US Senate Minority Leader McConnell and former President Donald Trump

Former US President Donald Trump slammed Republican Senate Minority Leader Senator Mitch McConnell for failing to prevent what he has called the theft of the 2020 election.

Trump told New York Times reporters Jonathan Martin and Alex Burns on Thursday that he would still be in the White House if Senate Minority Leader McConnell had sided with him and challenged the outcome of the disputed election.  

“Had Mitch stuck with many members of the party who knew the election was rigged, I think we wouldn’t be at Mar-a-Lago,” Trump said in an interview at his resort in Florida.

“We would be at the White House having this conversation,” he added.

An excerpt of the book, called “This Will Not Pass,” was obtained by Punchbowl News states.

Trump has frequently attacked McConnell for acknowledging Joe Biden as the legitimate winner of the disputed 2020 election.

McConnell, a Republican who was called an “Old Crow” by Trump, in February denounced the Republican National Committee (RNC) that called the events surrounding January 6, 2021 "legitimate political discourse."

Trump is “practically and morally responsible for provoking the events” of January 6, McConnell said after the former president’s second impeachment trial.

McConnell recently said in an interview, however, that he would support Trump if he became the GOP nominee in 2024.

“I think I have an obligation to support the nominee of my party,” McConnell said. “That will mean that whoever the nominee is has gone out and earned the nomination.”

Trump has not been so forgiving, and called McConnell an “Old Crow.”

“Why is it that Old Crow Mitch McConnell voted for a terrible Democrat Socialist Infrastructure Plan, and induced others in his Party to do likewise, when he was incapable of getting a great Infrastructure Plan wanting to be put forward by me and the Republican Party?” asked said after McConnell voted for the bipartisan infrastructure plan.

Trump and his allies had raised concerns that widespread fraud marred the election and that it was rigged by the Washington establishment in favor of Biden, who was certified as the winner in Congress on January 6, 2021.

Trump has been casting doubt on the outcome of his loss by insisting it was the result of fraud.
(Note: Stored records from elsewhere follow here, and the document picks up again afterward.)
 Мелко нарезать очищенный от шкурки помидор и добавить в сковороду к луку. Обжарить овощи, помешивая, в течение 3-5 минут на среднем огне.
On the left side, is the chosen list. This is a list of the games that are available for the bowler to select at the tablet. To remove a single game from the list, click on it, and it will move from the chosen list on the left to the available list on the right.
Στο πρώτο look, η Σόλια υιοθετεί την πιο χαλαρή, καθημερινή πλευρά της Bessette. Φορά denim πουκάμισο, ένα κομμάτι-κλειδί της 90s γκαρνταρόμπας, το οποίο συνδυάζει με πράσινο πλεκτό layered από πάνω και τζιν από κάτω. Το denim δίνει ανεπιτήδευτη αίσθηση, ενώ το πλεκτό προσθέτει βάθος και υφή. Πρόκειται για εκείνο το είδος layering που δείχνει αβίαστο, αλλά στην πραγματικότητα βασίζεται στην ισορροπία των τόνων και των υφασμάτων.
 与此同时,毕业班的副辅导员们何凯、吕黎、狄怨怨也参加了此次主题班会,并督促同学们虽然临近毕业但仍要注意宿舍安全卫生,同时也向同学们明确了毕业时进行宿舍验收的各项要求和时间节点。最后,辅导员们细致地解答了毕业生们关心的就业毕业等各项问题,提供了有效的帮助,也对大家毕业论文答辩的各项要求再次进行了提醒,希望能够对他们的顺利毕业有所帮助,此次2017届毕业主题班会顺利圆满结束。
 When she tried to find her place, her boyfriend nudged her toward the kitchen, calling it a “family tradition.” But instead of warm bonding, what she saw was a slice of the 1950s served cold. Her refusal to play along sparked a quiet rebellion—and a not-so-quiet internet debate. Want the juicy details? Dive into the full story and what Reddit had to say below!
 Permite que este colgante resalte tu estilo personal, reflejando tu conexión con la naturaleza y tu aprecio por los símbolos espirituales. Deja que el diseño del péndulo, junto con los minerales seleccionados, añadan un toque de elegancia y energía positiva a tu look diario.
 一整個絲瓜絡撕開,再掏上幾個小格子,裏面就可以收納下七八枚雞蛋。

He has said that the 2020 presidential election was “the greatest Election Hoax in history.”

McConnell distanced himself from Trump since the former president was accused by the Washington establishment and media of inciting his supporters to invade the Capitol in the wake of his loss in the disputed 2020 presidential election.
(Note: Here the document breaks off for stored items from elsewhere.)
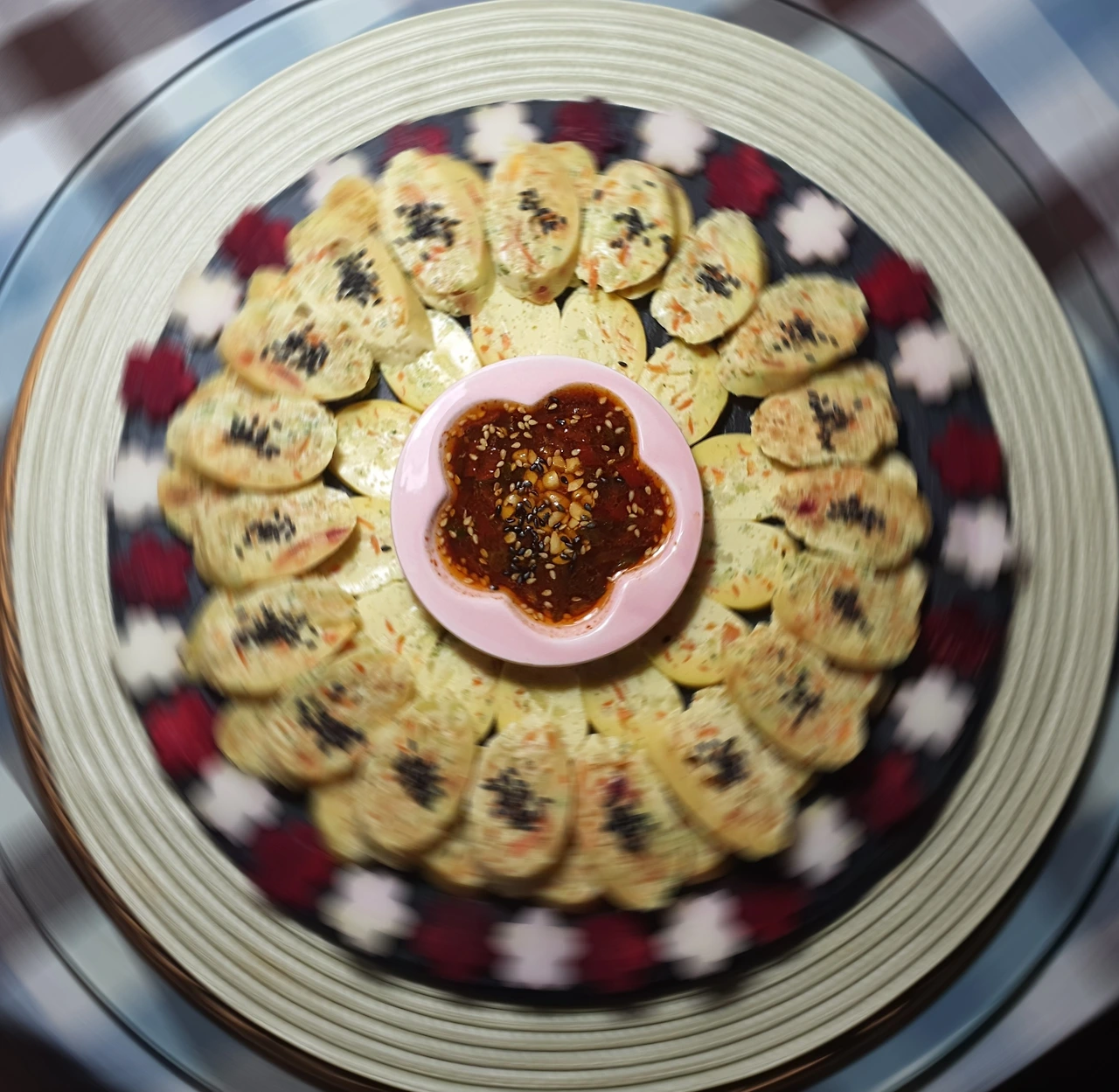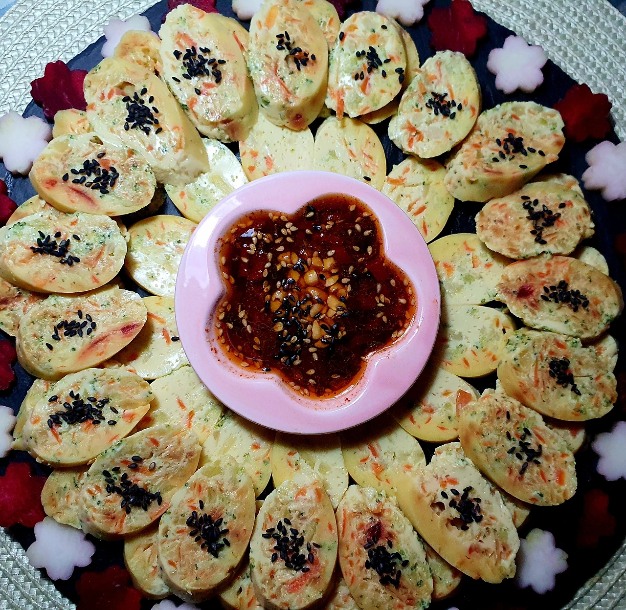 • 삶아진 달걀소시지는 찬물에 담가 식힌 후에 비닐을 벗겨내서 먹기 좋게 썰어 준다. 지금 보면 치자나 비트가 구분할 수 없어짐.
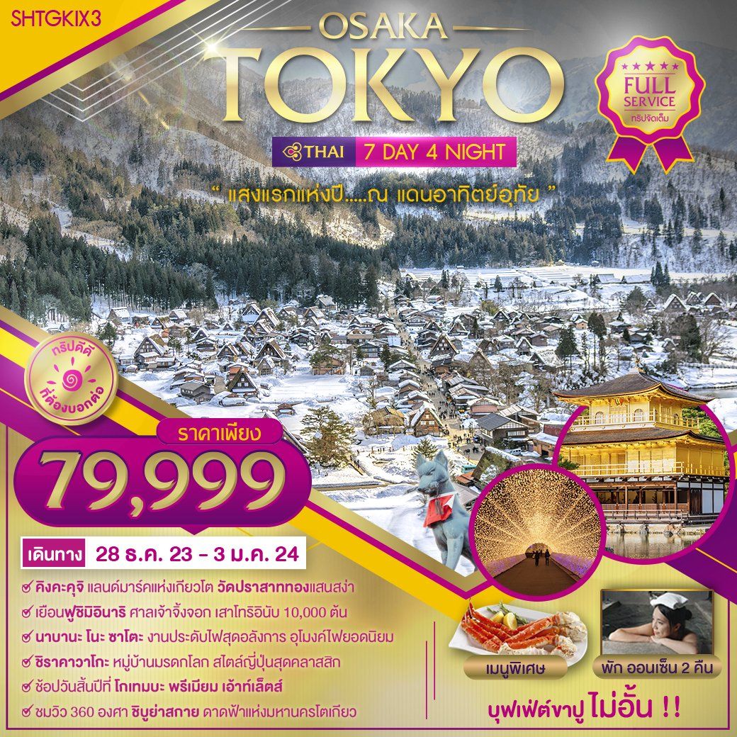อลังการไฟล้านดวง ณ หมู่บ้านนาบานะ โนะ ซาโตะ เพลิดเพลิน กิจกรรมฤดูหนาวพร้อมสัมผัสหิมะ ณ ลานสกีเมืองกุโจ (ขึ้นอยู่กับสภาพอากาศ) ชมหมู่บ้านมรดกโลกการันตีโดย UNESCO ณ หมู่บ้านชิราคาวาโกะ ชมปราสาททอง ณ วัดคินคะคุจิ แห่งเกียวโต หรือ วัดทอง หรือ วัดอิคคิวซัง ช้อปปิ้งจุใจ ย่านชินไซบาชิ พร้อมเช็คอิน ป้ายกูลิโกะแมน แห่งโดทงโบริ
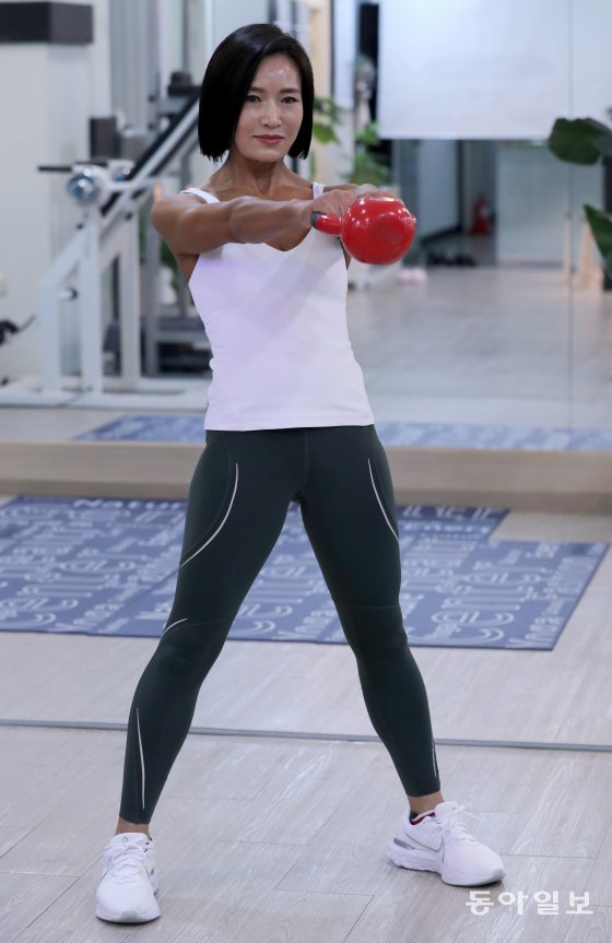 김금자 원장이 케틀벨 스윙을 선보이고 있다. 이훈구 기자 ufo@donga.com
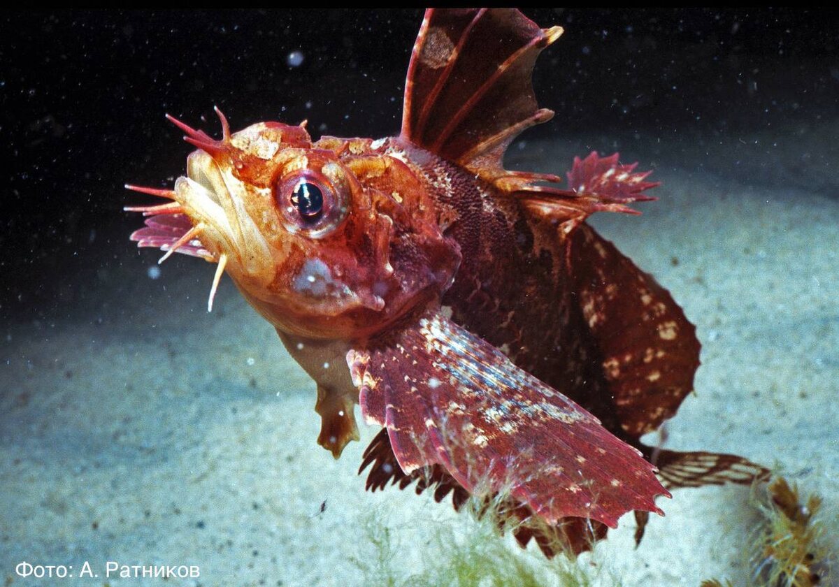 Плывёт бычок, качается, И дышит на плаву: — Течение меняется, Сейчас я уплыву! 😨 Усатый бычок-бабочка (Blepsias cirrhosus) словно случайно заплыл в южное Приморье из коралловых рифов. Однако этот вид обитает в Дальневосточном морском заповеднике постоянно. Вообще же, ареал усатого бычка-бабочки довольно широк - от Охотского и Японского морей до Центральной Калифорнии. Эта яркая рыбка ведёт донный образ жизни, встречаясь на глубинах до 50 метров. 🐆 Здесь «Земля леопарда»

McConnell had said that Trump is "morally responsible" for provoking the January 6 storming of the Capitol to overturn the election results.
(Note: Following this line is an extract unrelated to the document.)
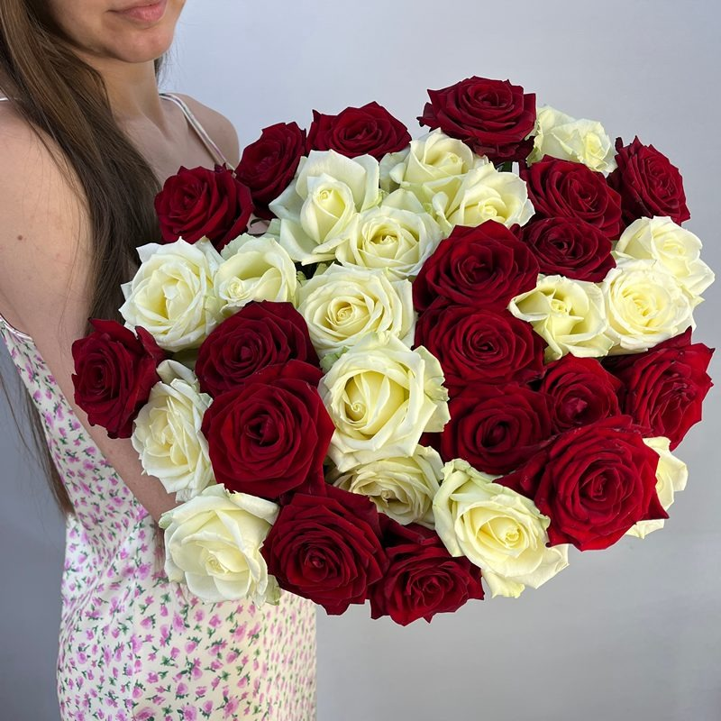 Состав букета: Роза красная 60 см - 18 шт; Роза белая 60 см - 17 шт;
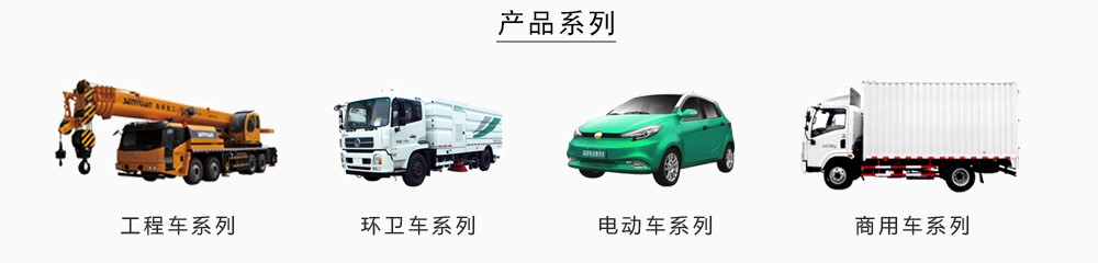 主要產品有四大系列:工程系列、環(huán)衛(wèi)系列、純電動專用和乘用系列、商用車系列。擁有160多個國家公告產品,1000多項自主知識產權專利技術。

On January 6, 2021, Trump supporters occupied the US Capitol while lawmakers were in the process of reviewing the certification of state electors which indicated Biden's victory. Some Trump supporters had hoped that this process could have resulted in some of the electors being disqualified, thus overturning the outcome of the presidential election.

It is claimed by some that the demonstrators were infiltrated and incited by provocateurs from US intelligence agencies, who orchestrated the “false flag operation” in order to get rid of Trump.

Some among the crowd clashed with police, and some made threats to beat up a number of Democratic lawmakers. Some also inflicted damage on parts of the Capitol building.